If you use this method to add new NAT rules, you must include all existing rules in the request body. Any rules that are omitted will be deleted.

And also:

POST /api/4.0/edges/{edgeId}/nat/config/rules

URI Parameters:
edgeId (required)
Specify the ID of the edge in edgeId.

Query Parameters:
aboveRuleId (optional)
Specified rule ID. If no NAT rules exist, you can specify rule ID 0.

Add a NAT rule above a specific rule in the NAT rules table (using aboveRuleId query parameter) or append NAT rules to the bottom.

The original code was using the second method, which meant each time an Ansible playbook was run, it would return an OK status because it was adding the rules — even if they already existed.

I decided to dive into the issue and spent a few more hours than I anticipated improving the code. It is now possible to use either method — one to create a full set of rules (deleting any existing rules) or appending new rules to the existing ruleset.

In order to create multiple rules, I modified how the Ansible playbook is interpreted. The example is in the readme.md file, but I want to highlight it here:

  1 ---
  2 - hosts: localhost
  3   connection: local
  4   gather_facts: False
  5   vars_files:
  6     - nsxanswer.yml
  7     - envanswer.yml
  9   tasks:
 10   - name: Create NAT rules
 11     nsx_edge_nat:
 12       nsxmanager_spec: '{{ nsxmanager_spec }}'
 13       mode: 'create'
 14       name: '{{ edge_name }}'
 15       rules:
 16         dnat0: { description: 'Ansible created HTTP NAT rule',
 17             loggingEnabled: 'true',
 18             rule_type: 'dnat',
 19             nat_enabled: 'true',
 20             dnatMatchSourceAddress: 'any',
 21             dnatMatchSourcePort: 'any',
 22             vnic: '0',
 23             protocol: 'tcp',
 24             originalAddress: '',
 25             originalPort: '80',
 26             translatedAddress: '',
 27             translatedPort: '80'
 28           }
 29         dnat1: { description: 'Ansible created HTTPS NAT rule',
 30             loggingEnabled: 'true',
 31             rule_type: 'dnat',
 32             vnic: '0',
 33             nat_enabled: 'true',
 34             dnatMatchSourceAddress: 'any',
 35             dnatMatchSourcePort: 'any',
 36             protocol: 'tcp',
 37             originalAddress: '',
 38             originalPort: '443',
 39             translatedAddress: '',
 40             translatedPort: '443'
 41           }

Please note the identifiers, dnat0 and dnat1, are merely that — identifiers for your playbook.

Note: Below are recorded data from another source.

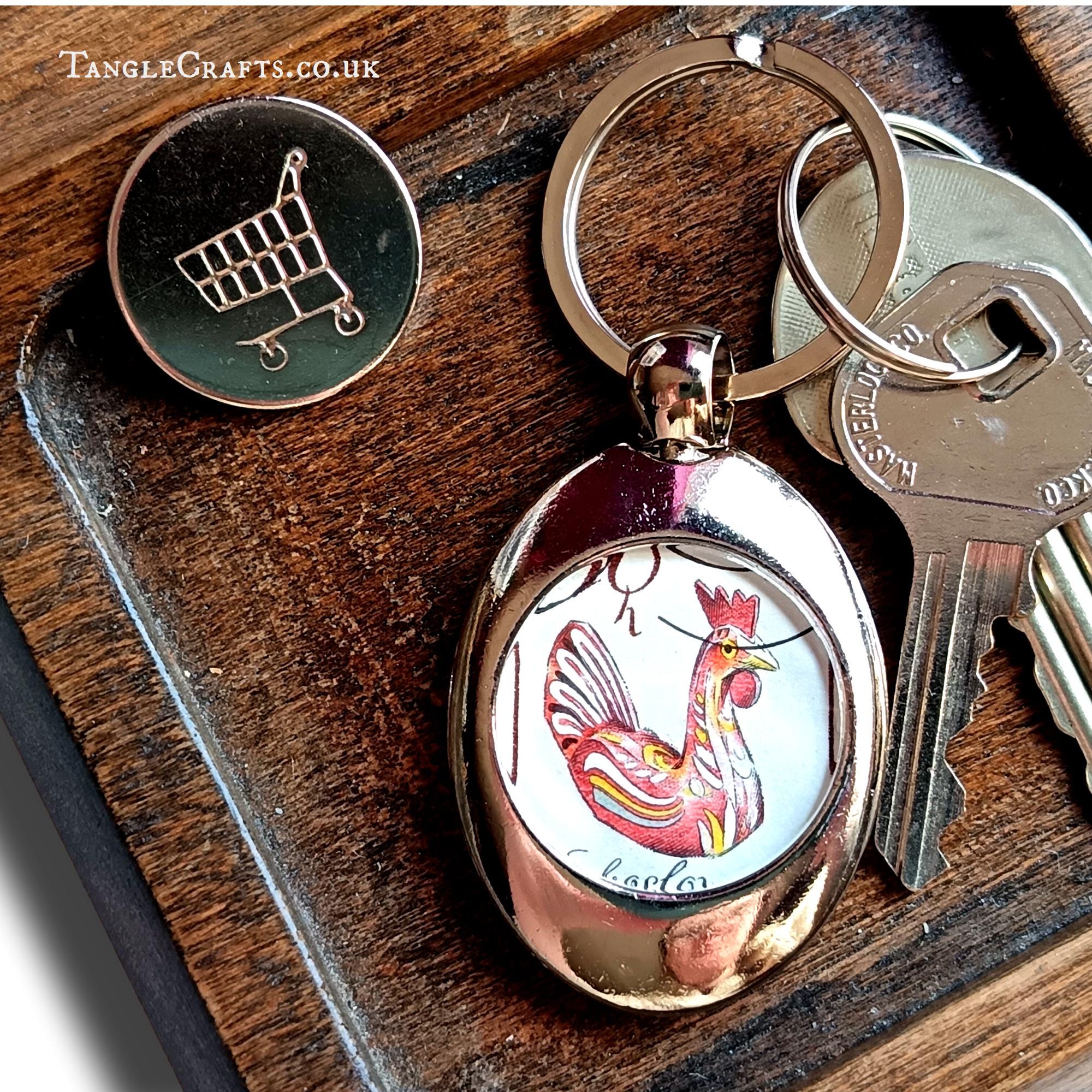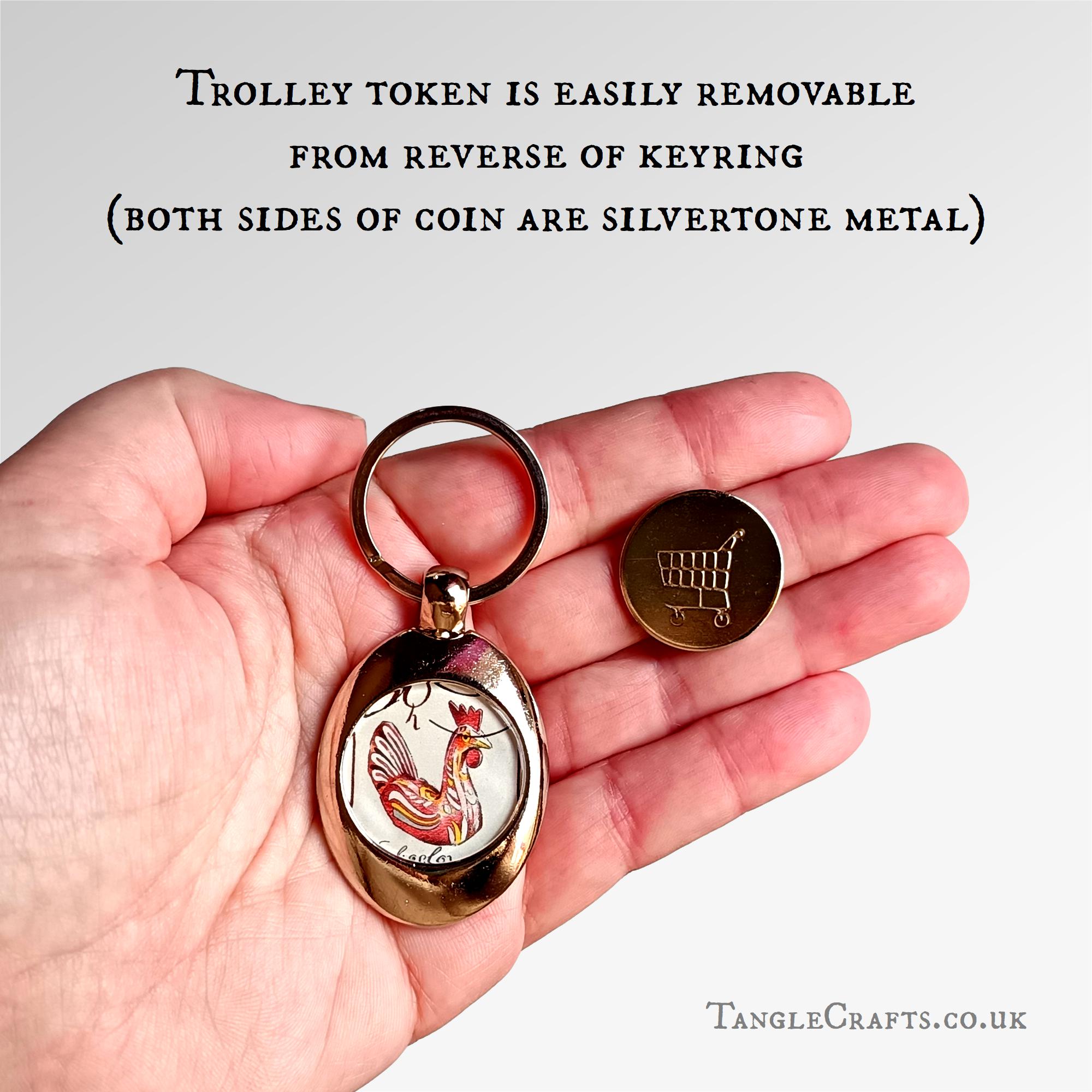 • The trolley coin is a solid metal disc measuring approx. 25mm diameter, silvertone on both sides. It is designed to fit both British & EU supermarket shopping trolley slots (if you are not in one of these regions, the token is unlikely to work but the keyring itself is still perfectly functional!)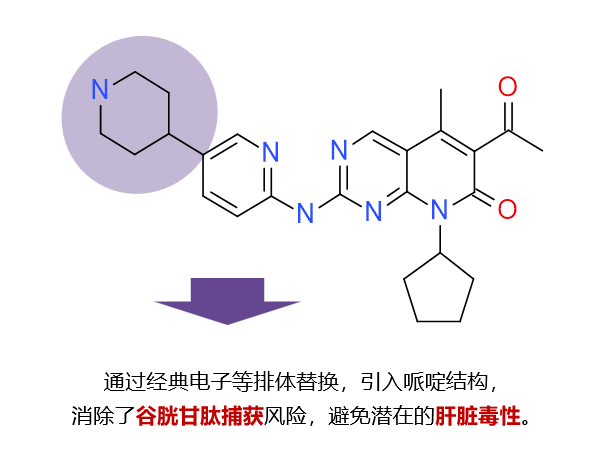 中国的新药研发虽起步较晚,但中国学者的探索从未停歇,并在不断追赶。2013年作为中国首个自主原研的高选择性CDK4/6抑制剂达尔西利(SHR6390)正式立项。结合中国人群特点,以临床需求为导向,中国学者开始专研CDK4/6抑制剂的药物结构优化,通过创新性引入哌啶基团,消除谷胱甘肽捕获效应,降低潜在患者肝脏安全性风险。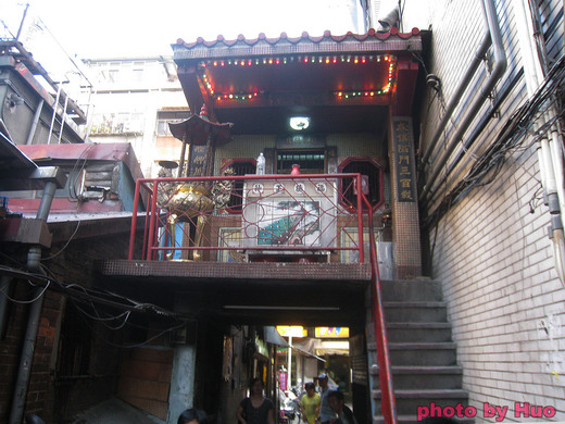 走過名為佛具街的西園路,因拍艋舺電影而知名的「隘門」,就位於廣州街223巷子口,建於清代、萬華地區僅存具防禦的隘門,不按地址無法尋找到。隘門內僅有塊由台北市文獻會的說明牌,隘門的上方建了一座質樸的土地公廟,巷內有幾間茶店(圖3)。隘門的對面,是生意好到應接不暇的龍都冰果店。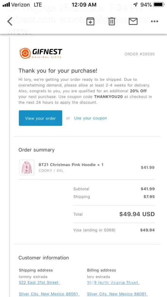 I had a terrible experience with this company as well. I paid for expedited shipping which they advertise as 5-7 days and it took 3 weeks to receive. The product was terrible. The color was wrong and the quality was awful. Nothing like the video on FB. Now they only want to refund me 20%, $9.39 instead of the full amount and allowing me to return it, stating that it would cost me more to return it. The label says it shipped from CA. but the product originated from China. There’s no way it would cost more than the purchase price to ship it back. They’ve even admitted in an email that their warehouse made a mistake. Don’t buy from the site unless you’re willing to keep the product. As you can see from the photo, it’s a light red but I ordered a brown wig.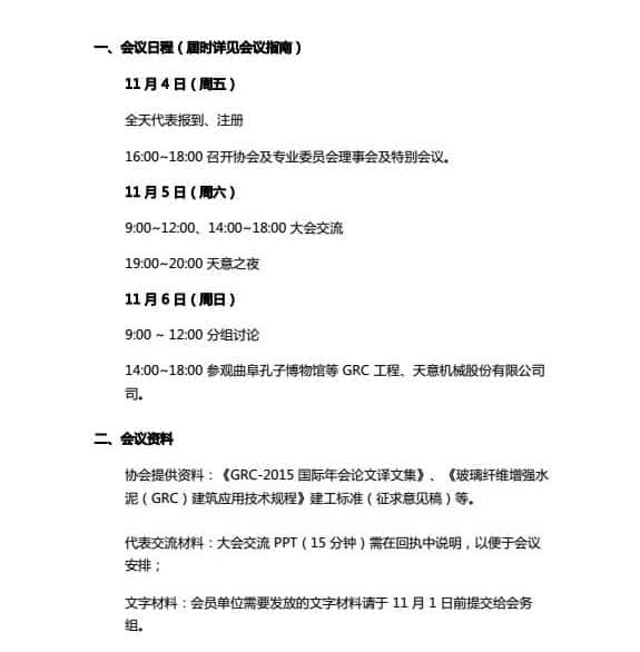 2014 年南京年會以來的新技術(shù)、新材料和新裝備成果;展示上海迪士尼GRC 典型示范工程風(fēng)采;研討 GRC 技術(shù)與產(chǎn)品研發(fā)方向;匯報 2015 年迪拜國際 GRC 年會及國際 GRC 發(fā)展方向;介紹《玻璃纖維增強水泥(GRC)建筑應(yīng)用技術(shù)規(guī)程》建工標(biāo)準(zhǔn)制定情況;觀摩曲阜孔子博物館等 GRC 工程。為滿足與會者的要求,大會還將特邀相關(guān)部門專家作裝配式建筑發(fā)展導(dǎo)向性報告。

They do not influence the API call made to the NSX Manager.

A new function was required in the Ansible module to allow for multiple rules to be appended to one another to make a single API call that would add each rule. The data structure used to create this dictionary of lists was rather convoluted since Python struggles to convert these sort of thing to XML properly. With some help from a few people in the NSBU, I was able to get it working.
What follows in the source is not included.